Leave the pictures out. Transcribe exactly every line from the start of the records through the one containing "此件单把壶的壶身呈半球形,小".

=== DATA RECORDS ===

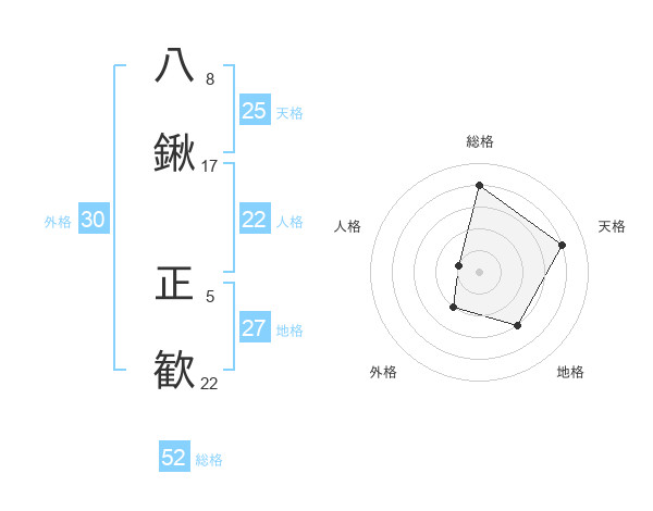 八鍬 正歓さんの総格は52画の4点!
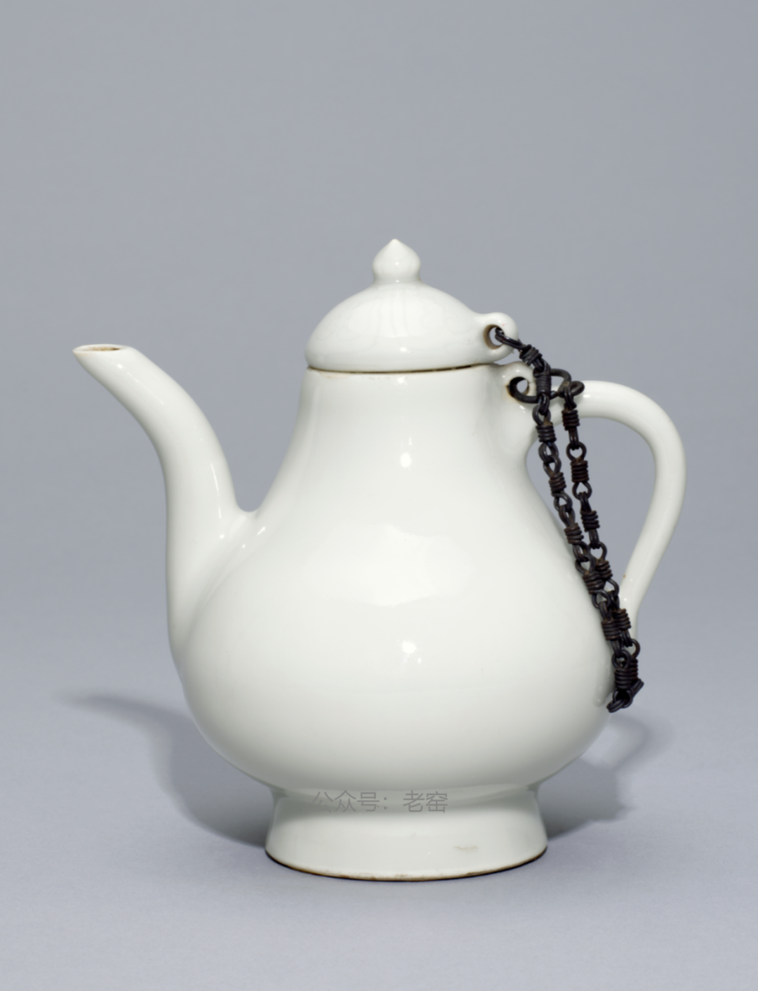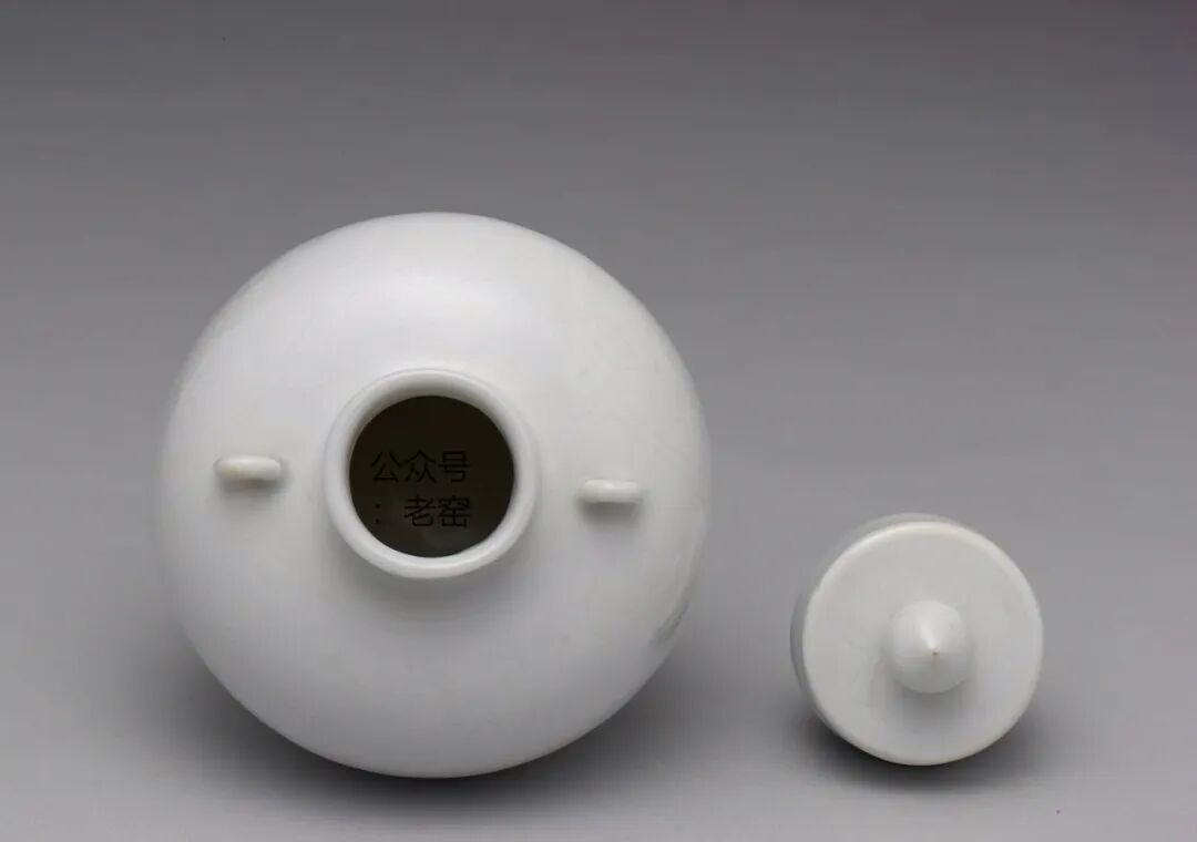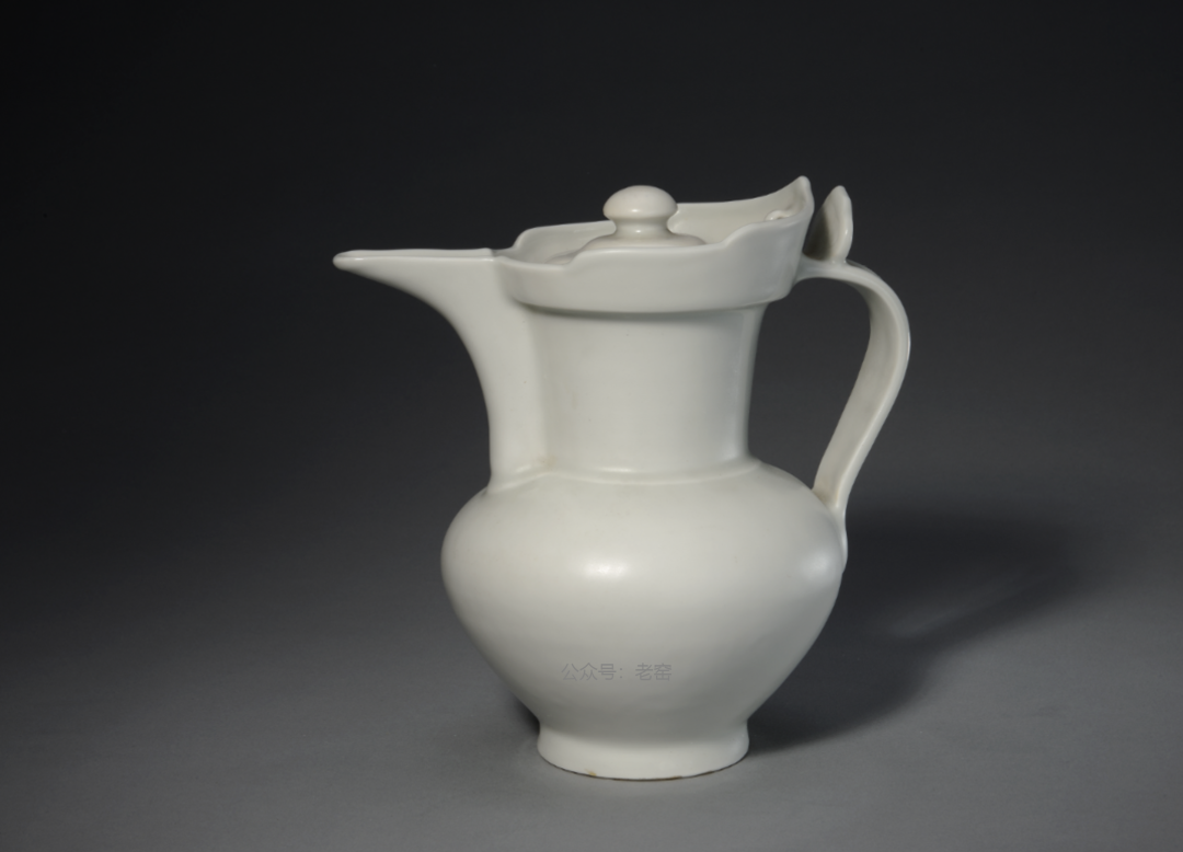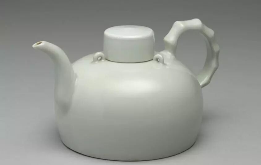 此件单把壶的壶身呈半球形,小口、短直颈、圆肩、器腹略内敛、平底、浅凹足。器肩上有三个环形繫钮,器身一侧带曲流,另一侧带竹节把手,并有一平顶直璧原形盖罩住口颈。全器除足底露胎外,均施以白釉。全器光素无纹,釉色洁白莹润。
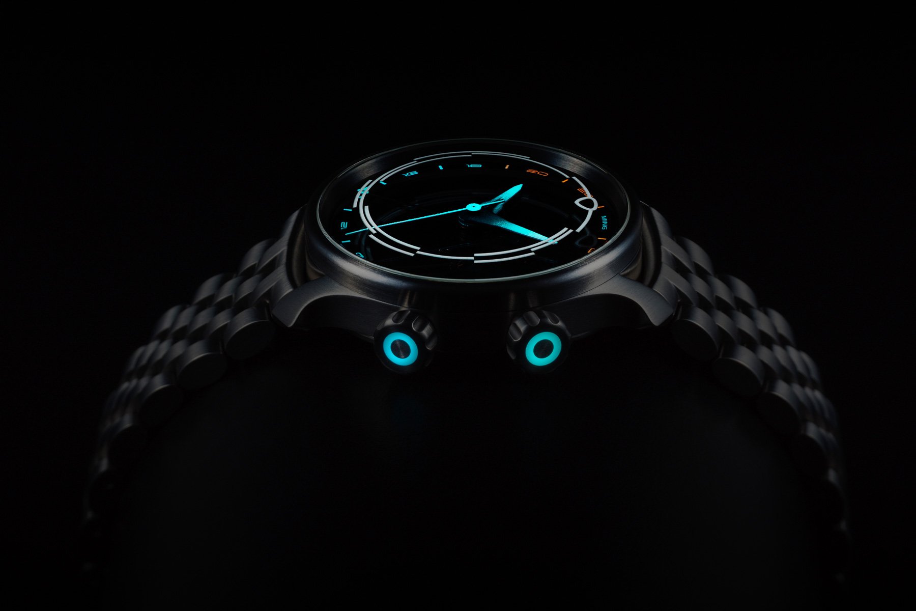 In their place is a set of luminous, gradient-coated hands that remind me of a space shuttle. This is especially true of the skeletonized outline on the hour hand. A white, needle-like seconds hand provides a delicate balance. Then, the 24-hour hand has a luminous spaceship on its end. Normally, this could sound kitschy, but it’s subtle and echoes the central hands’ design.
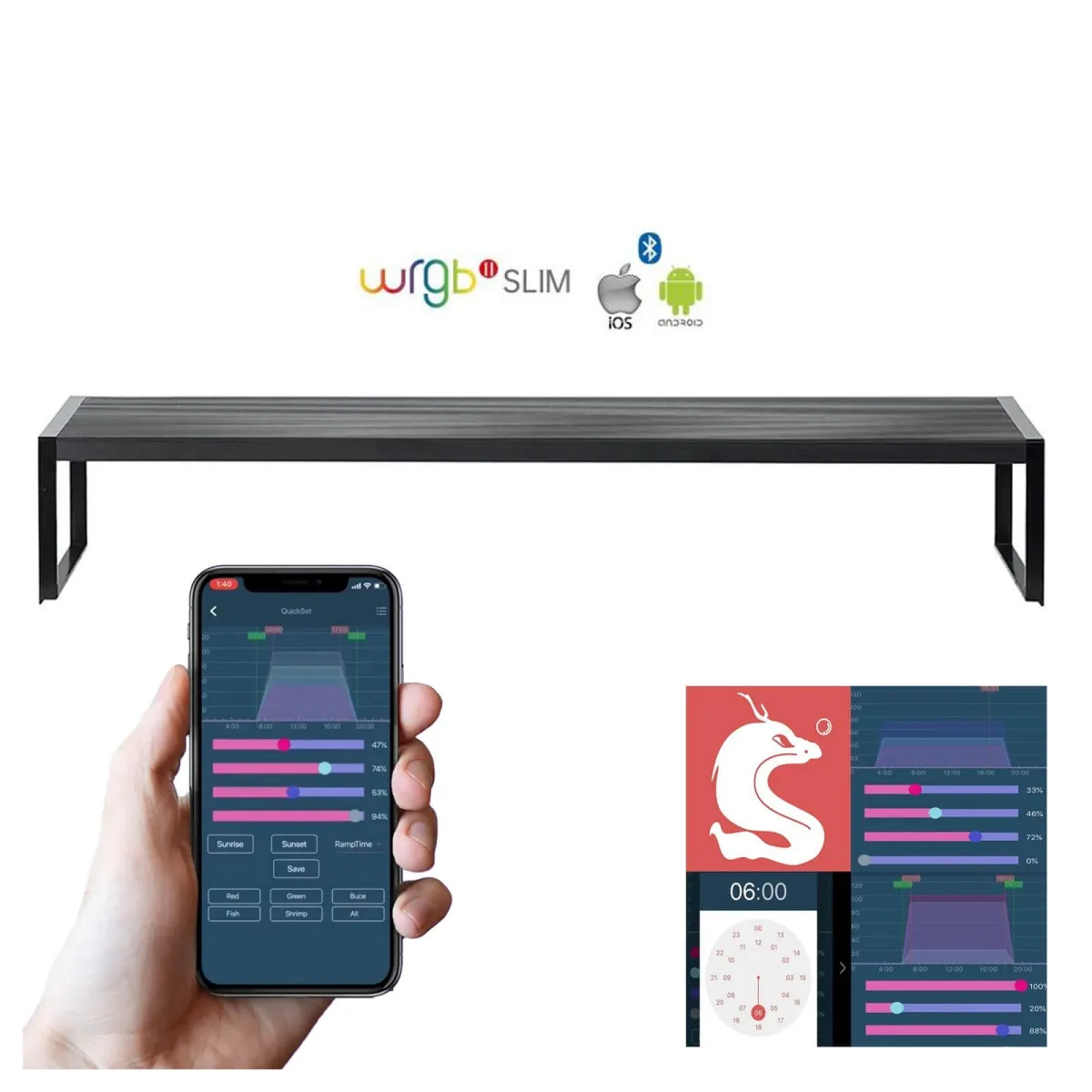 Questa plafoniera si distingue per il suo design slim, che si integra perfettamente sopra l'acquario senza essere invasiva. Il design minimalista e le linee sottili della WRGB II SLIM offrono un'illuminazione ottimale senza compromettere l’estetica del tuo setup. È ideale per acquari di dimensioni piccole e medie, e i modelli disponibili permettono di trovare la soluzione giusta per acquari.
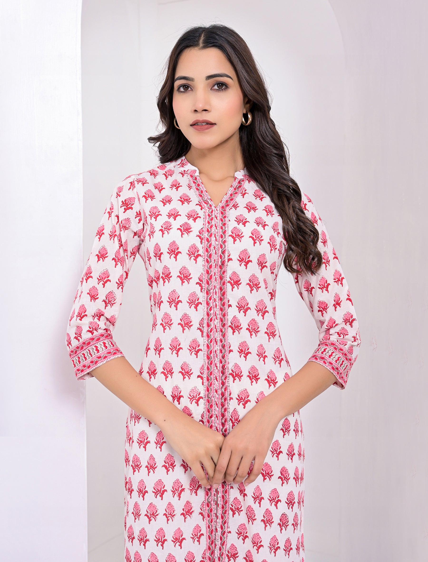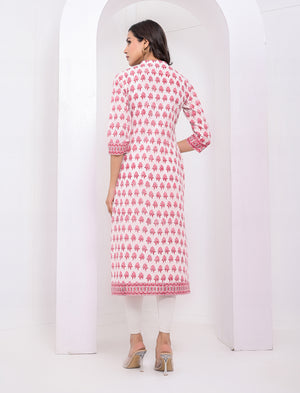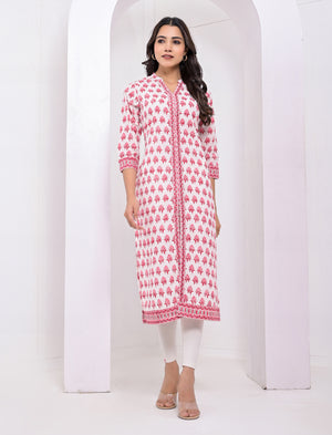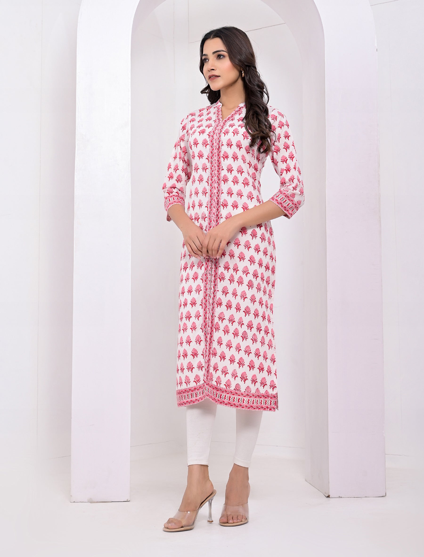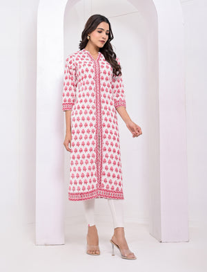 This printed ethnic wear kurti is presented to you by Gulabchand Prints, A well-known brand in hand block prints from over 9 decades. This exclusively hand stitched kurti is made of 100% pure cotton fabric with having printed prints over it. The kurti is best suitable for you to showcase your women hood. Wear this at your ease and the fabric is so smooth to skin that you will love it and the attractive prints adds more charm to the same.
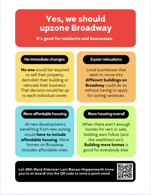 New homes along Broadway will help stabilize housing prices, support increased CTA ridership, and provide much-needed tax revenue to the City. There has been some pushback to the changes, so it’s important we support our Alders in this effort!
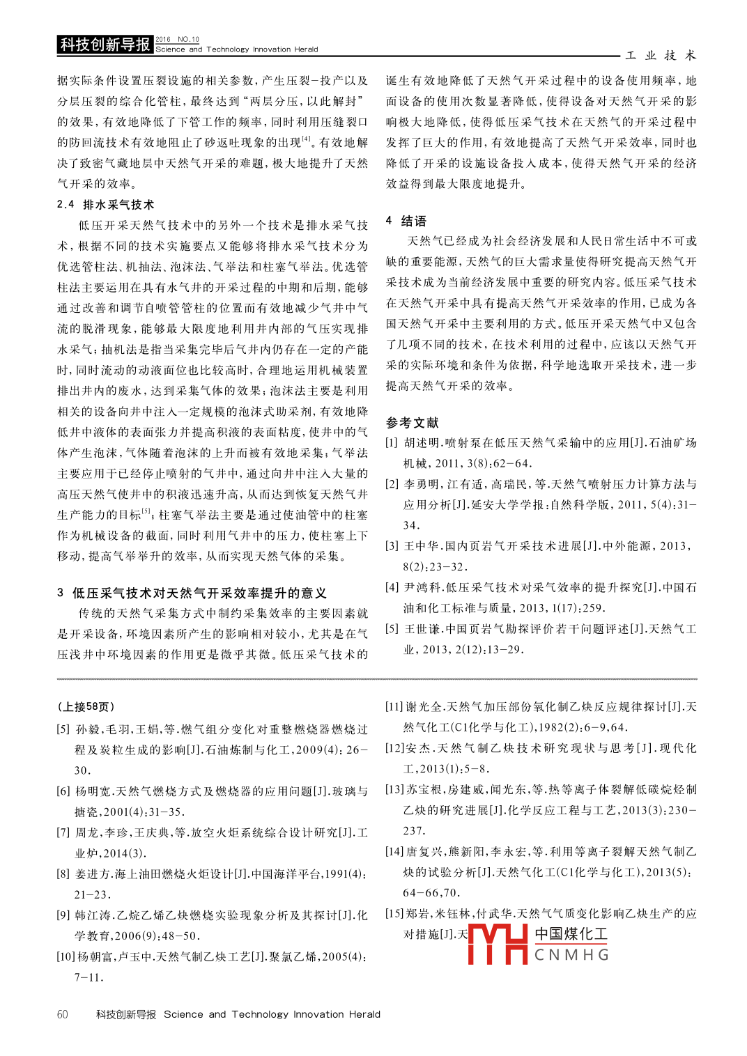 工業(yè)技術(shù)5m8re科技創(chuàng)新導(dǎo)報(bào)DOI:10.16660/j.cnki.1674-098X.2016.10.059低壓天然氣開采技術(shù)的研究胡新原(中國石油化工股份有限公司華北油氣分公司河南鄭州450006)摘要:隨著我國社會(huì)主義經(jīng)濟(jì)的快速發(fā)展以及各項(xiàng)經(jīng)濟(jì)建設(shè)事業(yè)的穩(wěn)步提升,各行業(yè)對天然氣能源的需求量也在快速地增加。因此,要滿足我國經(jīng)濟(jì)發(fā)展以及人民生活對天然氣資源的需求,必須利用現(xiàn)有技術(shù)手段,提升天然氣開采技術(shù),提高我國天然氣能源的開發(fā)效率,滿足我國經(jīng)濟(jì)發(fā)展以及人民生活當(dāng)中多天然氣能源的巨大需求。因而,研究分析低壓采氣技術(shù)在天然氣開采中的應(yīng)用具有重要的經(jīng)濟(jì)意義和現(xiàn)實(shí)意義關(guān)鍵詞:低壓采氣技術(shù)天然氣開采利用方法中圖分類號(hào):TE377文獻(xiàn)標(biāo)識(shí)碼:A文章編號(hào):1674-098X(2016)04(a)-0059-02隨著我國人口壓力的增大和對各種自然資源需求量的2低壓采氣技術(shù)在天然氣開采中的利用不斷上漲,積極硏究新的技術(shù)方法提高我國自然資源的開2.1低壓井噴射引流術(shù)采利用率具有重要的經(jīng)濟(jì)意義和現(xiàn)實(shí)意義。進(jìn)入21世紀(jì)以低壓采氣技術(shù)在天然氣開采中應(yīng)用的主要方式包括低來,隨著人們環(huán)保意識(shí)的不斷增強(qiáng),世界各國紛紛探尋開采壓井噴射引流術(shù),主要是指在天然氣開采過程中,利用高氣和利用新型能源的技術(shù)。天然氣在利用的過程中排放的污壓井中的能量來提高天然氣低氣壓井中的動(dòng)力,使得天然氣染氣體少,對環(huán)境產(chǎn)生的污染較小,因此成為世界各國爭相能夠在不需要借助外力的情況下實(shí)現(xiàn)自動(dòng)采集的開采方式硏究和利用的能源新方向。天然氣在取代煤炭、汽油等傳其主要的技術(shù)原理是利用從高壓井中噴出的高壓氣流在混統(tǒng)的能源中,被長期的實(shí)踐證明具有很高的可行性。因此研合腔中經(jīng)過低壓區(qū)時(shí)實(shí)現(xiàn)物理混壓,之后流向擴(kuò)壓段,當(dāng)壓究天然氣的開采技術(shù),提高天然氣開采效率具有重要的意力升高到一定程度使實(shí)現(xiàn)天然氣的外輸。這種開采技術(shù)的本質(zhì)是利用高壓氣井中的自然高壓來推動(dòng)低壓井中壓力的提高,最終實(shí)現(xiàn)天然氣外輸。該技術(shù)具有設(shè)備裝置小巧、應(yīng)低壓采氣技術(shù)概述用便捷、經(jīng)濟(jì)成本低等優(yōu)勢。同時(shí)該技術(shù)還提供多級(jí)的噴射1.1低壓采氣技術(shù)概念引流,防止一次噴射引流不能發(fā)揮增強(qiáng)壓力的作用時(shí),實(shí)現(xiàn)低壓采氣技術(shù)是針對天然氣、煤氣等天然氣體的埋藏特增壓采氣。點(diǎn)而設(shè)計(jì)研究的新型能源開采方式。天然氣和煤氣在自然環(huán)2.2水平井改造技術(shù)境中埋藏的深度較淺,因而其內(nèi)部氣壓較低,采用傳統(tǒng)的開改造水平井能夠達(dá)到提升天然氣開采效率的目的。天然采方式不能有效地進(jìn)行開采造成天然氣等能源的浪費(fèi),低氣的埋藏環(huán)境各有不同,因此在實(shí)際的開采過程中必須分析壓采氣技術(shù)針對天然氣儲(chǔ)藏的這一特點(diǎn),分析氣體埋藏越天然氣分布的具體環(huán)境來針對性地選取有效的開采方式淺氣體壓力越小的自然規(guī)律后,利用不同的技術(shù)手段增加氣達(dá)到提高開采效率的目的。水平井改造技術(shù)是在長期的天體壓力,使天然氣能夠順利地被采集,并且自采集的過程中然氣開采實(shí)踐中總結(jié)并研發(fā)的高效天然氣開采技術(shù)。水平能夠在最大限度內(nèi)降低開采的成本并提高采集效率,極大井改造技術(shù)綜合分析了天然氣分布環(huán)境中的地形、水位等條地增加了天然氣能源利用的經(jīng)濟(jì)效率。件,實(shí)現(xiàn)了天然氣開采效率的有效提升1.2低壓采氣技術(shù)特點(diǎn)2.3致密低壓氣藏壓裂改造技術(shù)低壓采氣技術(shù)是依據(jù)天然氣儲(chǔ)藏的低壓特點(diǎn)而設(shè)計(jì)的天然氣的儲(chǔ)藏環(huán)境中存在一種比較惡劣的環(huán)境條高效開采方式,在具體的開采利用過程中通常會(huì)根據(jù)所使件—致密氣藏地層,在該儲(chǔ)藏環(huán)境中,天然氣的氣壓層壓用的具體環(huán)境不同而采用不同的開采方式,實(shí)現(xiàn)增壓和氣體力十分低,壓裂的改造難度非常大,同時(shí)儲(chǔ)氣層的物性十分采集的目標(biāo)。具體來說就是增加低壓井中的壓力,使低壓井差,在氣壓層壓裂之后存在著嚴(yán)重的砂返吐現(xiàn)象,因此只能中的天然氣能夠快速地?cái)D壓到地面上天然氣收集裝置中,因通過衰竭式的開中國煤化工造成了嚴(yán)重的破此能夠有效地節(jié)約天然氣抽取設(shè)備,進(jìn)而達(dá)到提高開采效壞。通過應(yīng)用致CNMH夠有效地抵消率并且降低開采成本的目標(biāo)這些不利因素的影響,首先選擇合理的泡沫壓裂液系統(tǒng),依科技創(chuàng)新導(dǎo)報(bào) Science and Technology Innovation Herald科技創(chuàng)新導(dǎo)報(bào)=rmmm-工業(yè)技術(shù)據(jù)實(shí)際條件設(shè)置壓裂設(shè)施的相關(guān)參數(shù),產(chǎn)生壓裂一投產(chǎn)以及誕生有效地降低了天然氣開采過程中的設(shè)
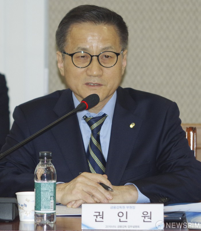 [서울=뉴스핌] 백인혁 인턴기자 = 권인원 금융감독원 부원장이 29일 오후 서울 영등포구 금융감독원에서 열린 2019 은행부문 금융감독 업무설명회에서 인사말을 하고 있다. 이날 금융감독원은 이번 설명회에서 논의된 업계의 의견과 건의 사항등에 대해 향후 감독·검사업무에 적극 반영할 계획이라고 밝혔다. 2019.03.29 dlsgur9757@newspim.com
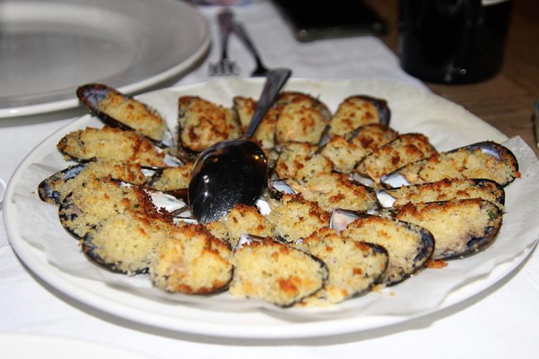 We order a plate of delicious grilled crumbed mussels

===

## WRITTEN ANSWER
 八鍬 正歓さんの総格は52画の4点!
 此件单把壶的壶身呈半球形,小口、短直颈、圆肩、器腹略内敛、平底、浅凹足。器肩上有三个环形繫钮,器身一侧带曲流,另一侧带竹节把手,并有一平顶直璧原形盖罩住口颈。全器除足底露胎外,均施以白釉。全器光素无纹,釉色洁白莹润。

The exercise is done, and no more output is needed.